It is possible that this name is originated from the Phoenician city of Kition or Citium (modern day Larnaka).


> I have long been wondering if Cyprus comes from copper (for which this island had benn famous in the past) or copper has taken its name from it


Obviously copper comes from Cyprus because in ancient times copper was principally mined in Cyprus. In Roman times copper was called "Aes Cyprium" which loosely translates to metal of Cyprus.
In Greek, Cyprus is Κύπρος/ΚΥΠΡΟΣ (Κipros) and there are many speculations about the origin of the name. 
An interesting information is that in Bronze Age was known also as Alasia or Alashiya. That name appeared in a corespondence between the Pharaoh of Egypt and the King of Alasia( Arcaeologists still argue if the name Alasia refers to the city of Engomi in eastern Cyprus or the whole island).


----------



## Qcumber

peri+kleos said:


> In Greek, Cyprus is Κύπρος/ΚΥΠΡΟΣ (Κipros) and there are many speculations about the origin of the name.


Κύπρος/ΚΥΠΡΟΣ (Κipros)
I suppose you supply the modern pronunciation.
Do you know how it was pronounced in the Antiquity?


----------



## peri+kleos

You are right. That is the modern Greek pronunciation. As for the Ancient one ,as you may know Greeks and Greek Cypriots learn and study Ancient Greek by using the modern pronunciation so I am not an expert on the Ancient Greek pronunciation. And I think your question hasn't got any specific answer. Antiquity is a period that contains Attic Greek, Classical Greek, Koine Greek and many other dialects or forms of Greek.


----------



## Qcumber

peri+kleos said:


> You are right. That is the modern Greek pronunciation. As for the Ancient one ,as you may know Greeks and Greek Cypriots learn and study Ancient Greek by using the modern pronunciation so I am not an expert on the Ancient Greek pronunciation. And I think your question hasn't got any specific answer.
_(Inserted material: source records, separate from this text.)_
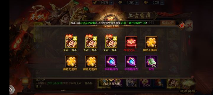 攻城天下非常给力,不氪金也能中大奖,我会一直支持的,70.80的伙伴们赶快重温三国梦
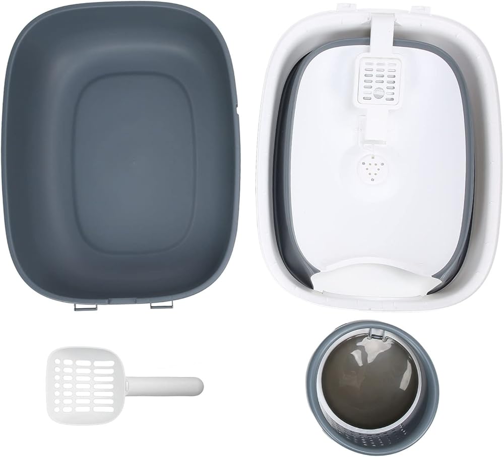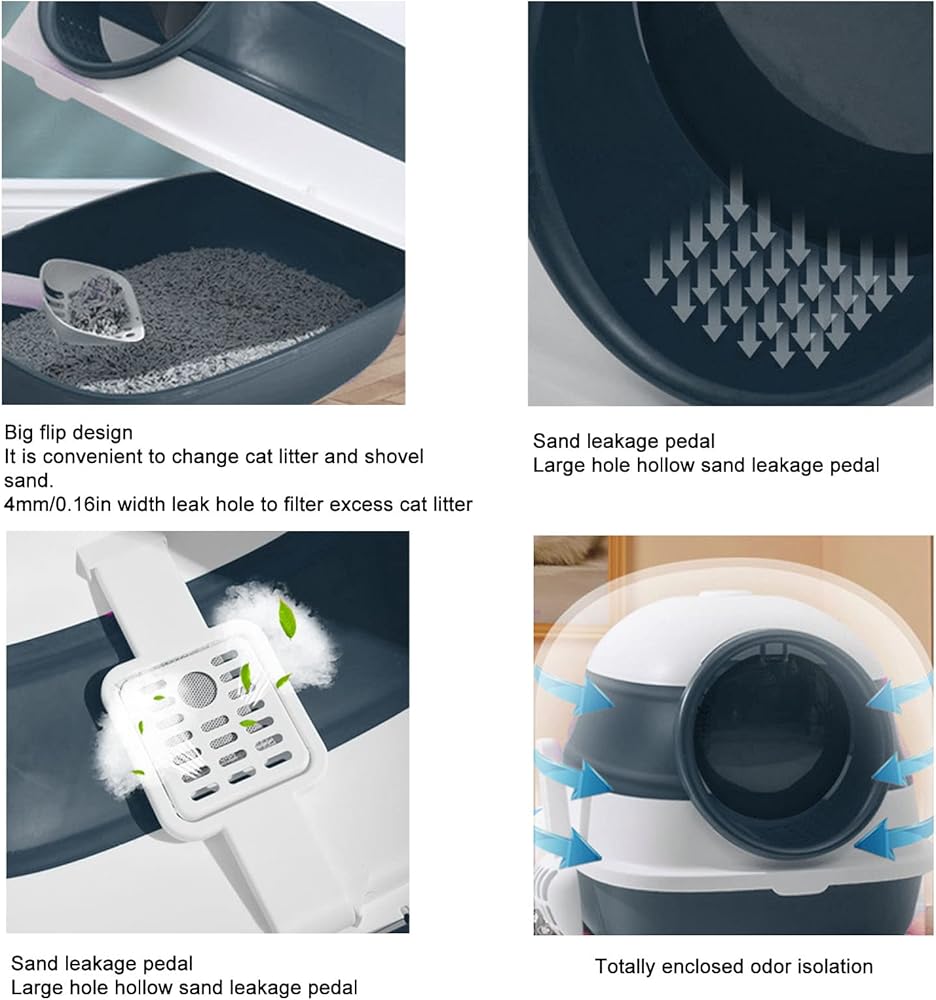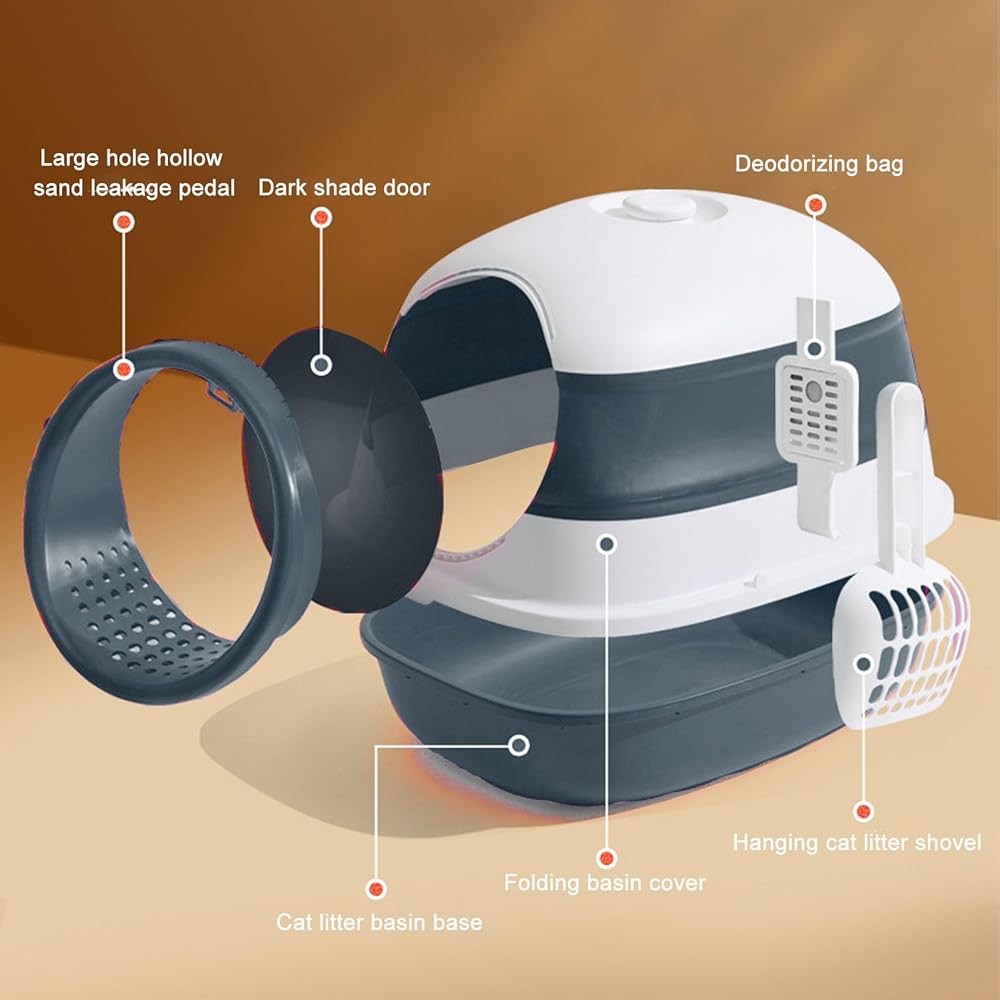 صندوق فضلات مرحاض القطط، حوض فضلات القطط مغلق بالكامل وغطاء للرأس عديم الرائحة مع غطاء للقطط
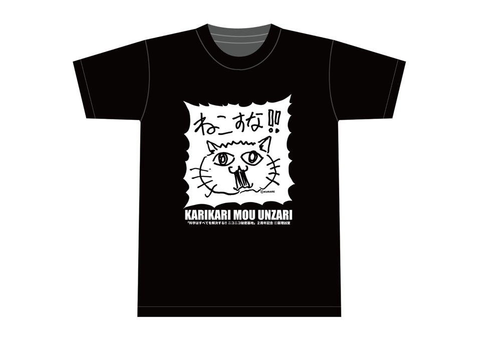 2周年を記念した、有料会員限定のグッズとして、くられ先生の落書きをベースにしたTシャツが販売されます。3月1日(土)12時よりドワンゴジェイピーストアにて発売です!
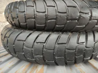 Neumático de moto en buen estado. - Diseño con tacos para un buen agarre. - Color negro. Delantero 2,50-21 continental Trasero 3,00-18 tkm Precio por los dos
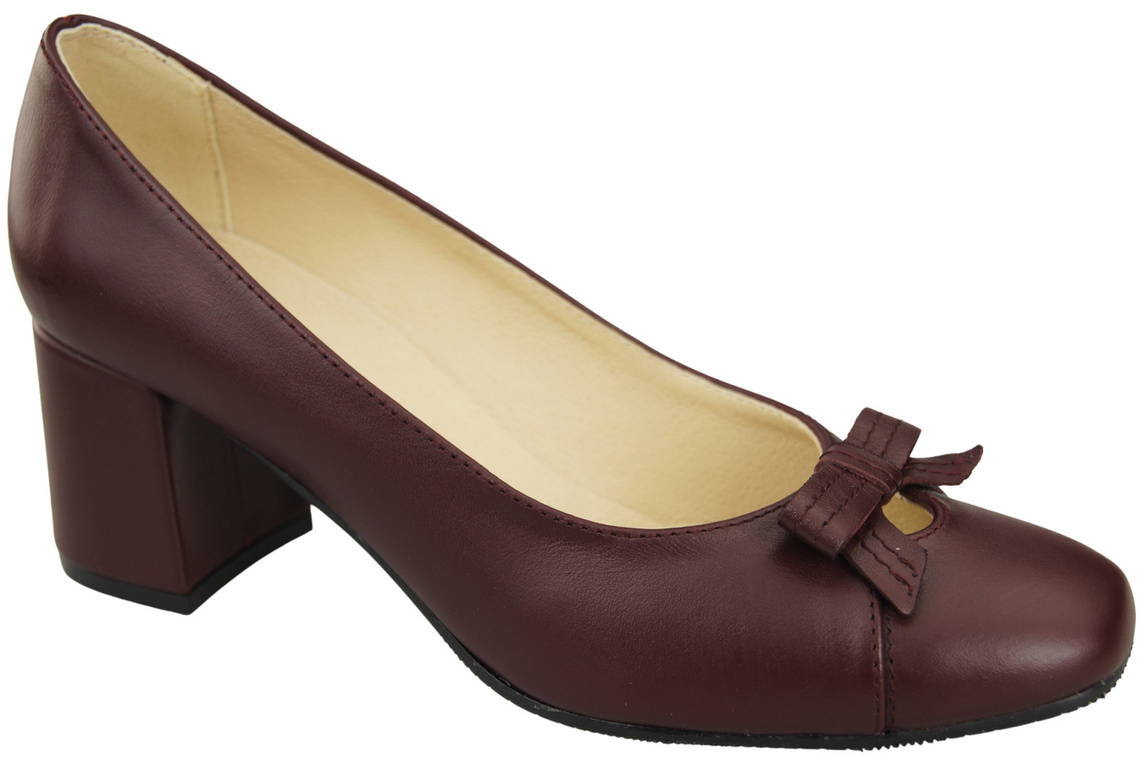 Czółenka Damskie z Kokardką Bordowe Skóra Naturalna i Niski Obcas 203 ElitaBut
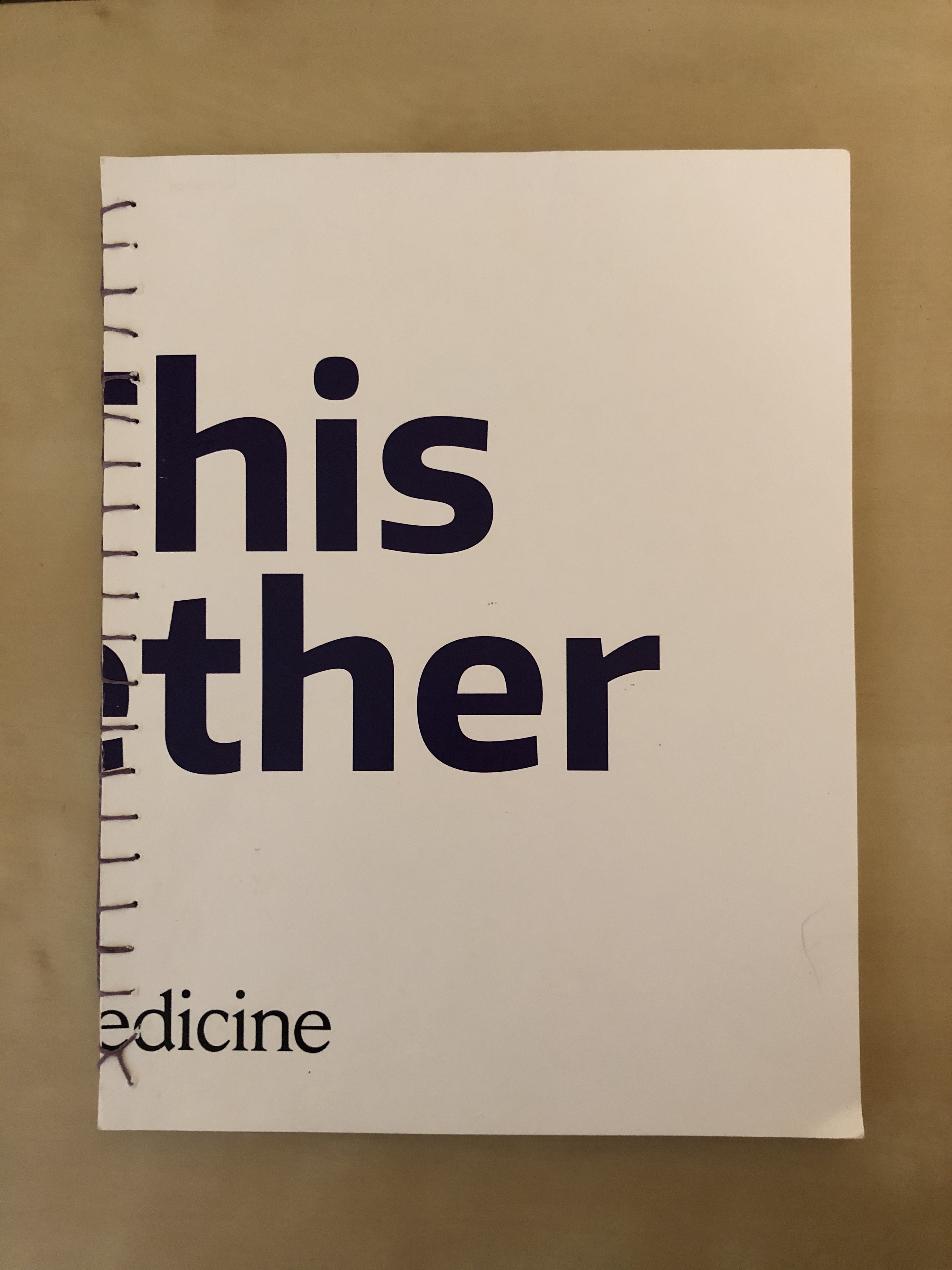 The cover of this book is made out of a poster printed as part of a socially distanced solidarity event between those that work at the hospital, and first responders (who parked outside and held signs back at us).
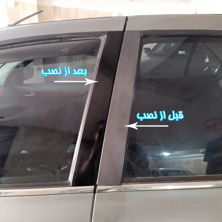 این برچسب برای ستون های دنا و سمند توسط مجموعه آرسی زد اسپرت با برش دقیق دستگاه بازطراحی شده که کاملا ستون های هر دو درب عقب و جلو را به صورت فابریکی پوشش می دهد. برای نصب این برچسب، ستون های درب هارو کاملا تمیز نموده، برچسب هارا تنظیم کنید سپس با یک کارت مثل کارت تلفن یا عابر بانک روی برچسب بکشید تا تمام هوا از زیر برچسب خارج شود.
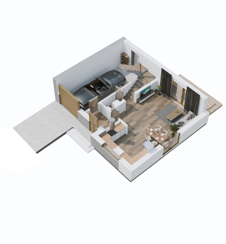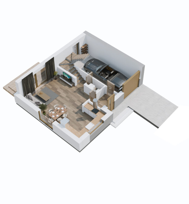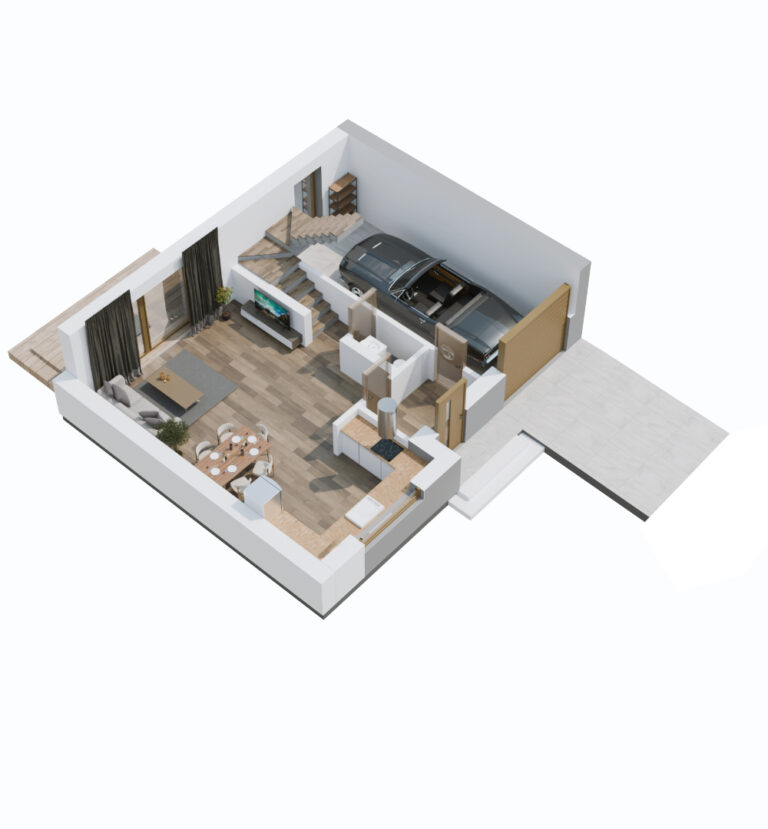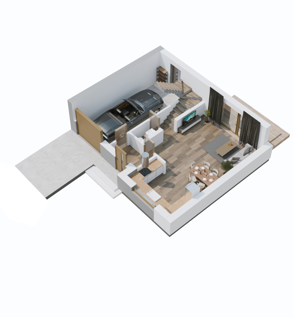 W bryle budynku znajduje się garaż, w którym oprócz samochodu i rowerów zmieszczą się wszystkie niezbędne akcesoria ogrodowe. Garaż ma wejście do strefy domowej oraz bezpośrednio na ogród. Do tego dochodzą praktyczne udogodnienia, takie jak ogrzewanie podłogowe, rekuperacja i szerokie podjazdy, na których również można zaparkować samochód.

Antiquity is a period that contains Attic Greek, Classical Greek, Koine Greek and many other dialects or forms of Greek.


 I asked this question because the letter ύ -forget the accent - in Κύπρος "Cyprus" was reflected as /u/ in Arabic during one period - hence Arab. qubrus - then /i/ during another, hence Arab. qibris > Turk. kibris.


----------



## Spectre scolaire

Qcumber said:


> I asked this question because the letter ύ -forget the accent - in Κύπρος "Cyprus" was reflected as /u/ in Arabic during one period - hence Arab. qubrus - then /i/ during another, hence Arab. qibris > Turk. kibris.


 There is no /i/ in Turk. Kıbrıs, the [i] - sic IPA! - being a consequence of the Arabic realization with *ق*.

Classical Greek Κύπρος (same as Modern Greek), but the quality of the vowel υ was more like an [ü], if not, at an early stage, . Indeed, the [k] may have been written with the obsolete Greek letter κόππα (_qoppa_) at some point in antiquity. Anyway, in Cyprus they had an earlier _Cypriot syllabary_ (see Wikipedia) - probably, though, when the island was called something else.
 ​


----------



## cherine

peri+kleos said:


> Obviously copper comes from Cyprus because in ancient times copper was principally mined in Cyprus. In Roman times copper was called "Aes Cyprium" which loosely translates to metal of Cyprus.


So, it's copper that was nammes after Kypros, and not the other way round. That's an interesting information. Thanks! 


Qcumber said:


> I asked this question because the letter ύ -forget the accent - in Κύπρος "Cyprus" was reflected as /u/ in Arabic during one period - hence Arab. qubrus - then /i/ during another, hence Arab. qibris > Turk. kibris.


In Arabic, it's q*u*brus, not q*i*bris.


----------